There is freedom to speak of the circumstances you have endured, the pain you have experienced, the wrongs committed against you, but I challenge you to do so with respect toward your offender(s).

What is it that you have learned through that trial? Where is it that you can grow? What is it about this has brought you closer to Jesus? How can you help or encourage others through your own experiences? Who are you in Jesus and how has your identity in Him become more solidified through the destruction of these circumstances?

Slander, and wagging your tongue to gossip, will do nothing by destroy. It’ll destroy trust, relationship, friendship, and intimacy, but more than that your own soul…for the tongue is lit on fire by hell itself. I couldn’t encourage you enough to kill any desire to speak poorly of others.

Guard your words, protect them, and keep them in check…but don’t ever let that lead you toward isolation and silence. This is an opportunity to speak of Jesus.

Move fearlessly in, through, and on from your struggles and as you do be diligent to seek out how you might know Jesus more fully and more completely. Rather than replay conversations in your mind with those who have wronged you, use your time to instead pray through your suffering that you might draw near to the Giver of all life more intimately.

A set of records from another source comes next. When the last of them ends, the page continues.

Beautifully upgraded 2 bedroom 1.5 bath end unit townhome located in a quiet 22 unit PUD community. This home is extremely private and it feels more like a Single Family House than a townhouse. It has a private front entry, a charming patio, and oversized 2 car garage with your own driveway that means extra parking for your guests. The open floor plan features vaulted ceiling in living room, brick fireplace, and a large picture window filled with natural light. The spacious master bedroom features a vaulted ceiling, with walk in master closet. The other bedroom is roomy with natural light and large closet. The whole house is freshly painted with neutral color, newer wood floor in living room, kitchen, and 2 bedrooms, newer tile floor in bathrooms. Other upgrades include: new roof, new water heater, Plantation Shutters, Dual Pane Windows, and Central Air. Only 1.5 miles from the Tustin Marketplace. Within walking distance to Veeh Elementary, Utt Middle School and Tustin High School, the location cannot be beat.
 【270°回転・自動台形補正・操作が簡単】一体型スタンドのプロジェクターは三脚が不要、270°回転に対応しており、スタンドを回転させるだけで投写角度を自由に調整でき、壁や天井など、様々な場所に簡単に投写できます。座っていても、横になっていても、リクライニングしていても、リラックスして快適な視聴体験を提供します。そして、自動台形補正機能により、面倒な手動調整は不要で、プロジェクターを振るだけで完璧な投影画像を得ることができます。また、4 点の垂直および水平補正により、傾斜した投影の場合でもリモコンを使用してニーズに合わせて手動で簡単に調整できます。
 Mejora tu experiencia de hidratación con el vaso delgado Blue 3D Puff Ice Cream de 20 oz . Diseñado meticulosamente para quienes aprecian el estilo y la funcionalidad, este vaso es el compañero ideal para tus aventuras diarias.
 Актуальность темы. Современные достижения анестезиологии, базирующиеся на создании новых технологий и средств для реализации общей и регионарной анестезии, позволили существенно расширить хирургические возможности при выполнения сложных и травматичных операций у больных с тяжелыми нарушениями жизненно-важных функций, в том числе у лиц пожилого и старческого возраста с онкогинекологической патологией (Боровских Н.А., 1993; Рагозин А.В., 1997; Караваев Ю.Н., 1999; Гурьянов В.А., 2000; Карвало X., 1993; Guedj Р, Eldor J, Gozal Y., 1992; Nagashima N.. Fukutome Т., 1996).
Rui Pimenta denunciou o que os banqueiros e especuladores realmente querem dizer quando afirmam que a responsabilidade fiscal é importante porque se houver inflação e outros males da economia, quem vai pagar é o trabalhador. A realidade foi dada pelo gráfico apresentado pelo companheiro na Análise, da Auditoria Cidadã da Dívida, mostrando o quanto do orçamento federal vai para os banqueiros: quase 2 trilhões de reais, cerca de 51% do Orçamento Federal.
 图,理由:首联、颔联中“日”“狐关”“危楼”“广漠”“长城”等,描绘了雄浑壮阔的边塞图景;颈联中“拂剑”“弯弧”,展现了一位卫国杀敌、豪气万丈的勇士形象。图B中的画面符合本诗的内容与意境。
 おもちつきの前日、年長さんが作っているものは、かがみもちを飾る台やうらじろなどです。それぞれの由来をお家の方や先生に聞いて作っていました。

The Word is clear that we are to show honor. And showing honor even means toward people that have not been honorable…for the act of showing honor has far less to do with the person receiving it as it does the person offering it.

Use your pain, circumstances and hardship to speak of Jesus. Boast in your own weakness that HIS strength might be proclaimed through you! Speak boldly of the work He is doing in your life amidst the joys and triumphs, but especially amidst the sorrows and suffering. He is using this, yes, even this, to do a great work in you and through you…will you share that with those around you?